* _Action item_
Without any pictures, print exactly the lines that run from the start of the data through the line containing "Ножницы для десны".

START Dataset section

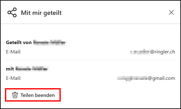 - Nach dem Beenden der gemeinsamen Nutzung wird das Symbol unter „Geteilt mit“ nicht mehr angezeigt.
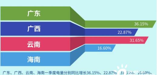 南網總調專家分析稱,對比近三年第一季度歷史數據,南方電網全網、廣東、廣西、海南電量增速顯著高于往年,云南則是大幅、穩定高于往年,貴州隨氣溫波動電量正常增長。
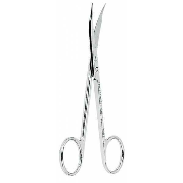 Ножницы для десны изогнутые, зубчики на одном лезвии, узкие лезвия 13 см.
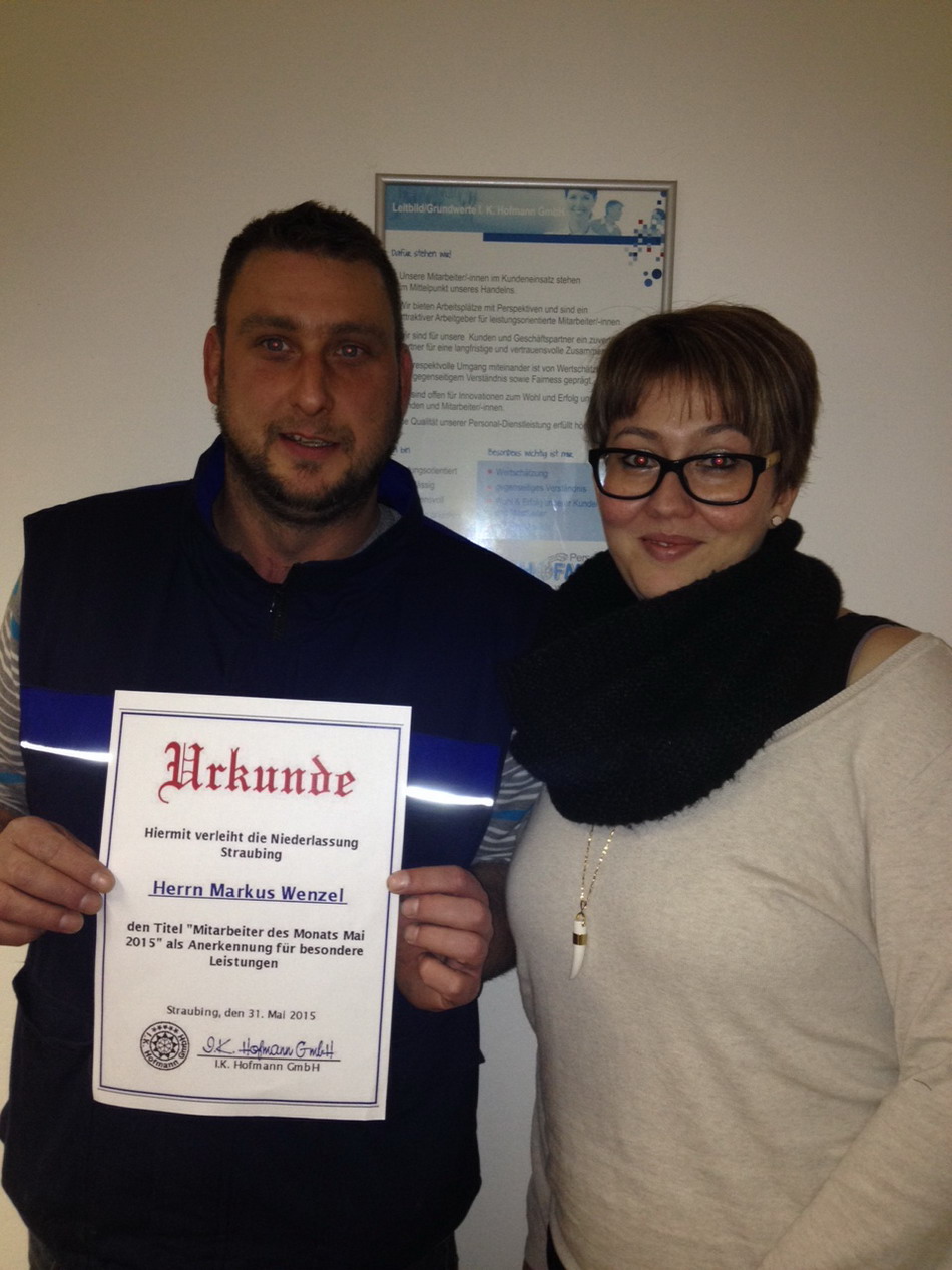 Als Anerkennung erhielt jeder Favorit eine Prämie in Höhe von 100 Euro. Marlene Meyer ergänzt: „Großes Lob kam jeweils auch von den Kunden, weil sich unsere Mitarbeiter sehr flexibel zeigten und sich problemlos in jedes Team einfügen konnten. Danke schön an Marius Cornei, Arkadiusz Kopernik, Marvin Schmid, Anton Schreiner, Viktor Sitnikov, Özer Umut und Markus Wenzel!“

END Dataset section

* _Response below_
 - Nach dem Beenden der gemeinsamen Nutzung wird das Symbol unter „Geteilt mit“ nicht mehr angezeigt.
 南網總調專家分析稱,對比近三年第一季度歷史數據,南方電網全網、廣東、廣西、海南電量增速顯著高于往年,云南則是大幅、穩定高于往年,貴州隨氣溫波動電量正常增長。
 Ножницы для десны изогнутые, зубчики на одном лезвии, узкие лезвия 13 см.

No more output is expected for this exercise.